The fused representation is passed to a final classifier for benign vs.\ malignant prediction.}
\label{fig:complete-flowchart}
\vspace{-.3in}
\end{figure}


We therefore propose a \emph{topology aware} supervised contrastive framework that uses the original dermoscopic image and its multiparameter topological embedding as two semantically consistent views of the same case (see Fig.~\ref{fig:complete-flowchart}). For each input image \(I\), we compute its cubical multiparameter persistence representation, capturing structural and morphological characteristics in a label preserving and anatomically coherent way. The resulting bifiltration produces a 2D topological image \(\Psi(I) \in \mathbb{R}^{H \times W \times 3}\), where the three channels correspond to \(\beta_0\), \(\beta_1\), and the activated pixel map derived from the multipersistence computation. This RGB style topological image emphasizes global topology and boundary structure without introducing augmentation induced bias, which is a common issue in medical imaging where strong contrastive augmentations (e.g., heavy color jitter, aggressive cropping, blur) can distort clinically meaningful cues and produce label-inconsistent views, encouraging invariances that are undesirable for diagnosis.



\begin{wrapfigure}{r}{3in}
\vspace{-.1in}
\centering
\includegraphics[width=\linewidth]{figures/topocon_mp2.png}
\vspace{-0.3in}
\caption{\footnotesize \textbf{Supervised contrastive framework.} A dermoscopic image and its multipersistence image (toy $3\times3\times3$ example) are encoded by separate networks. Their embeddings are used for classification and a supervised contrastive loss that aligns image and topology representations.}

\label{fig:topocon_mp}
\vspace{-0.25in}
\end{wrapfigure}
An image encoder \(f_\theta(\cdot)\) (a pretrained Swin Transformer backbone with a linear head) and a topology encoder \(g_\phi(\cdot)\) (an MLP on \(\Psi(I)\)) produce latent embeddings
 $z_I = f_\theta(I),  z_T = g_\phi(\Psi(I)).$
These embeddings are concatenated and fed to a classifier for the main lesion classification task.
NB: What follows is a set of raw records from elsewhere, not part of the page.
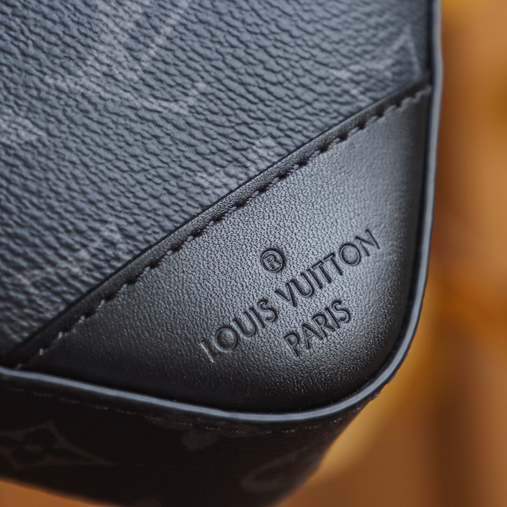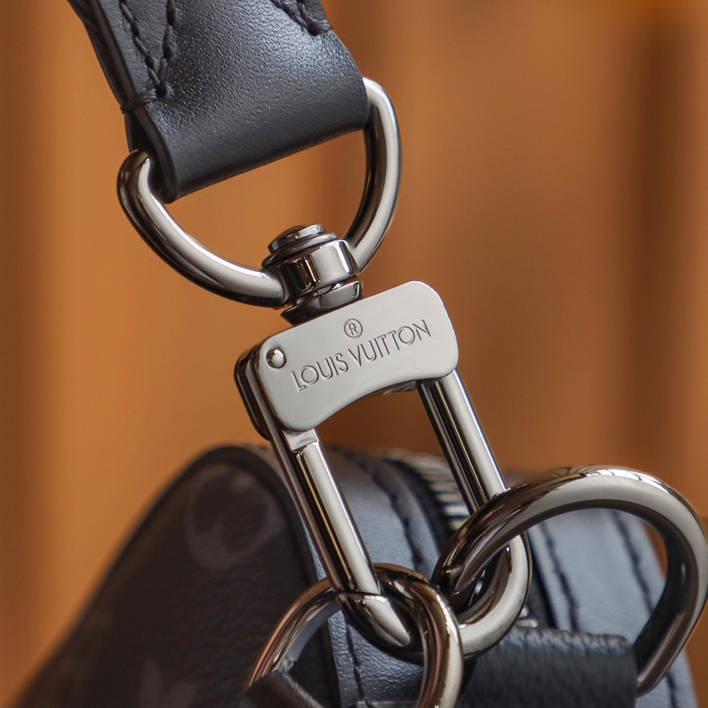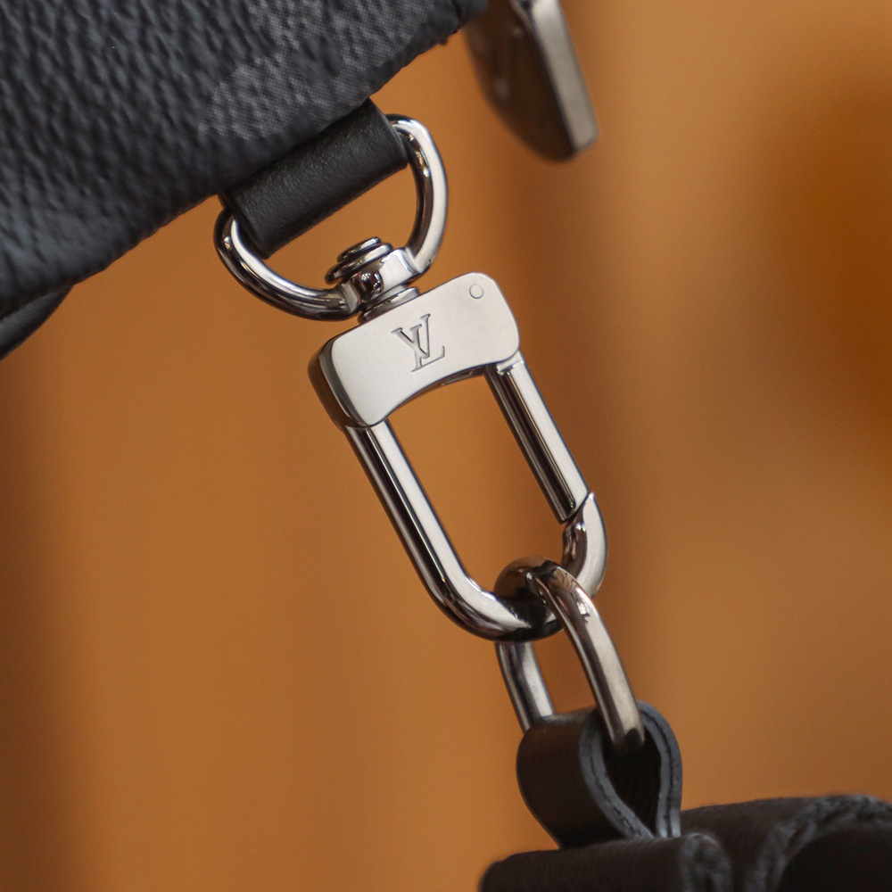 • 高仿LV男包Trio系列經典黑花郵差包免檢版
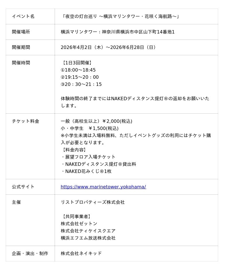 株式会社ネイキッド(英語表記:NAKED, INC. 、 所在地:東京都渋谷区、代表:村松亮太郎)は、リストプロパティーズ株式会社らが運営する横浜マリンタワーにて、2026年4月2日(木)より開催される光のイベント『夜空の灯台巡り ~横浜マリンタワー・花咲く海航路~』に、自社プロダクトである「NAKEDディスタンス提灯(R)」と「NAKED花みくじ(R)」を提供します。
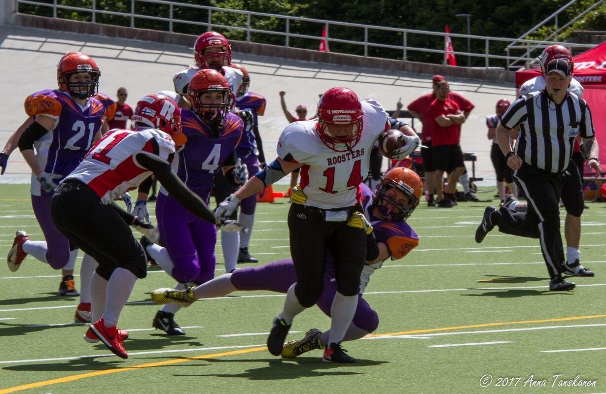 Valkyries – Roosters 24–26 (12–12)Velodromin lauantai-illassa nähtiin kaikin puolin erittäin mielenkiintoinen ja tilastojenkin valossa hyvin tasainen kamppailu. Eron teki ottelun ainoassa lisäpistepelissä onnistunut Mari Jääskelä. Tasatahtia edenneessä välienselvittelyssä, kumpikin joukkue pyrki pelaamaan jokaisen neljästä lisäpisteyrityksestään kahden pisteen arvoisesti, mutta yritykset pysähtyivät, Jääskelän maalia lukuun ottamatta, kerta toisensa jälkeen vastustajan tiiviiseen puolustukseen. Pietarilaisten ja edelliskierroksen arvokkaimmaksi pelaajaksi valittu Daria Briukhovetskaya viimeisteli joukkueensa jokaisen maalin. Neljä touchdownia ja liki 190 jaardia hyökkäyksessä kerännyt keskushyökkääjä piti kukkopuolustuksen jatkuvasti varpaillaan. Mukaan mahtui yksi oman maalialueen tuntumasta lähtenyt rynnistys, jolle mittaa kertyi 86 jaardia. – Puolustuksessa oltiin ongelmissa vastustajan kiertopelien kurissa pitämisessä. Briukhovetskayan nopeus yllätti meidät taas kerran, kommentoi Roostersin päävalmentaja Heli Harjanne. Roosters-hyökkäys keräsi onnistumisia lauantaina laajalla rintamalla. Maalit pelinrakentaja Janina Virtaselle ja pelin ratkaisseelle Mari Jääskelälle sekä kahdesti toisella puoliajalla maalanneelle Katri Ronnille. Juoksuhyökkäykseensä luottaneen Roostersin kaikki 308 jaardia tulivat juoksupelin kautta. Vieraiden hyökkäystyöskentely miellytti myös päävalmentaja Harjannetta. – Hyökkäyksellämme oli lauantaina hyvä ote peliin. Driveja saatiin vietyä määrätietoisesti päätyyn saakka. Kovaa peliin tulleet valkyyrit olivat puolustuksessa fyysisesti todella vahvoja. Taklaustilaston nimiinsä vei tukimieskerroksen Natalia Voroshilova 8.5 pommilla. Tulitukea tarjoili linjan Julia Bobrova (7.5 taklausta), joka pysäytti etenemiset kolmesti aloituslinjan, Roostersin näkökulmasta, väärällä puolella. Kukkojen korkeimman taklausmäärän tilastoi linjan Hilkka Rahkonen (5.5 taklausta). Pisteet: Valkyries: Daria Briukhovetskaya 24 Roosters: Katri Ronni 12, Mari Jääskelä 8, Janina Virtanen 6
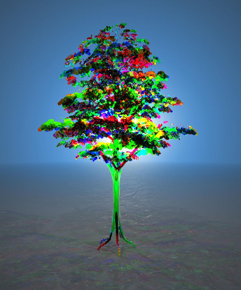 For my second entry I used the option to export the tree leaves as metaballs, then re-imported the tree. There are 14 different meshes which I coloured.
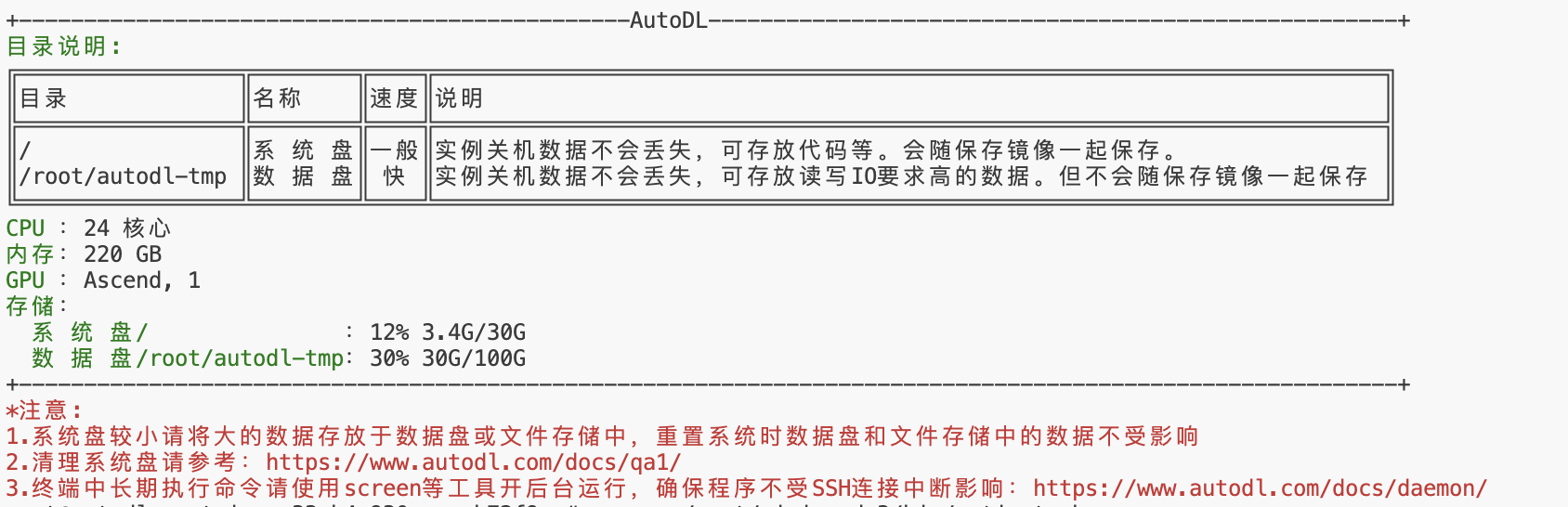 本次教程使用昇腾910B2,也就是NPU来进行训练,在AutoDL上创建NPU的容器进行训练,过程很简单,我们在下面的教程里会一步一步指导。
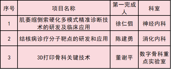 院党委委员、神经内科主任徐仁伵带领的神经内科团队研发的“肌萎缩侧索硬化多模式精准诊断技术的研发及临床应用”,通过整合多种前沿技术,显著提高了肌萎缩侧索硬化的早期确诊率,为患者争取了宝贵的治疗时机,为罕见病的诊断开辟了新思路。

In parallel, they are mapped through projection heads and used in a supervised contrastive loss: samples that share the same class label, whether they come from the image branch or the topology branch, are treated as positives, and samples from different classes are treated as negatives (following the formulation of Khosla et al.).



The final training objective combines cross entropy and supervised contrastive losses,\quad 
$\mathcal{L}_{\text{total}} = \mathcal{L}_{\text{CE}} + \lambda \,\mathcal{L}_{\text{SupCon}},$\quad
where \(\lambda\) balances discriminative and alignment terms (See Fig.~\ref{fig:topocon_mp}). This objective aligns image and topology embeddings in a class consistent manner while preserving classification performance. By using topological representations as label preserving views instead of only random augmentations, TopoCon-MP provides contrastive supervision better tailored to limited data and anatomy sensitive medical imaging.